Sedangkan pada pekerjaan harian lepas lain yang juga sudah mempunyai mas akerja lebih dari 12 bulan atau lebih, akan mendapat THR yang diperhitungkan berdasarkan hasil rata-rata upah yang diterima pada 12 bulan terakhhir sebelum hari raya keagamanan. Sedangkan untuk mereka yang masih bekerja dibawah 12 bulan, akan menerima THR dengan perhitungan dari hasil rata-rata upah yang diterima setiap bulan selama bekerja.

“Bagi perusahaan yang menetapkan besaran nilai THR dalam perjanjian kerja, peraturan perusahaan, perjanjian kerja bersama, atau kebiasaan lebih besar dari nilai THR yang telah ditetapkan. Maka THR Keagamaan yang dibayarkan kepada pekerja sesuai dengan yang tertera di perjanjian kerja, peraturan perusahaan, perjanjian kerja bersama, atau kebisaan yang telah dilakukan,” kata Menaker Hanif, masih dari laman yang sama.

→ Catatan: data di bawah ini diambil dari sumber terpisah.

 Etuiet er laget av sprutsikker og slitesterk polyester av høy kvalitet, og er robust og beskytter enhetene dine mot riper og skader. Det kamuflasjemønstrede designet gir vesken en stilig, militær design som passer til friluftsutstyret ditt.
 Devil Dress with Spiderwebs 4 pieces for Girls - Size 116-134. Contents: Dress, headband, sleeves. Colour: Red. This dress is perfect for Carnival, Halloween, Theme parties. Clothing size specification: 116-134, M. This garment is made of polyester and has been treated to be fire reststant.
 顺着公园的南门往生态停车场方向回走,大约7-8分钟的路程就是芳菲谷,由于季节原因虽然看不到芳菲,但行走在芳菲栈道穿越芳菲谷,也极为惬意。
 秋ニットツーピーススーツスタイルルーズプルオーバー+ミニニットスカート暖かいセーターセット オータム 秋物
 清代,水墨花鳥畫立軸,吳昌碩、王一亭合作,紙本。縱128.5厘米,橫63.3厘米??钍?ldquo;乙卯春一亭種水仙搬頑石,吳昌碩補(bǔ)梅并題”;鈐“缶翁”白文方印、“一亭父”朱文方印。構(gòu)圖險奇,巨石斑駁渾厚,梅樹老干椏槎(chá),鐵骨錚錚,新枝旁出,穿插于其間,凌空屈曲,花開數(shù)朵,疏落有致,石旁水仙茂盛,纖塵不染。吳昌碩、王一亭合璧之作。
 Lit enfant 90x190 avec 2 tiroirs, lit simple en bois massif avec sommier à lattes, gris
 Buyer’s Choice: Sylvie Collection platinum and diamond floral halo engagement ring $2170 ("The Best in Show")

Beliau juga menghimbau para pimpipnan perusahaan unntuk melakukan pembacaran THR dengan mengacu pada regulasi yang diharapakan dapat dilakukan masimal dua minggu sebelu hari raya tiba. Agar para pekerja yang ingin mudik bisa mempersiapkan diri dengan baik. Selain itu, Kementerian Tenaga Kerja juga mengatakan akan membuka posko pengaduan seputar THR bagi para pekerja yang merasa belum meneri haknya. 

“Kita juga akan segera menerbitkan surat edaran THR kepada para Kepala Daerah dan membuka posko pengaduan THR. Bagi pekerja yang THR-nya tidak dibayarkan bisa mengadu ke posko pengaduan THR yang akan dibuka di dinas-dinas tingkat Provinsi dan Kabupaten/Kota serta di tingkat yaitu di Kantor Kementerian Ketenagakerjaan,” tutur Hanif.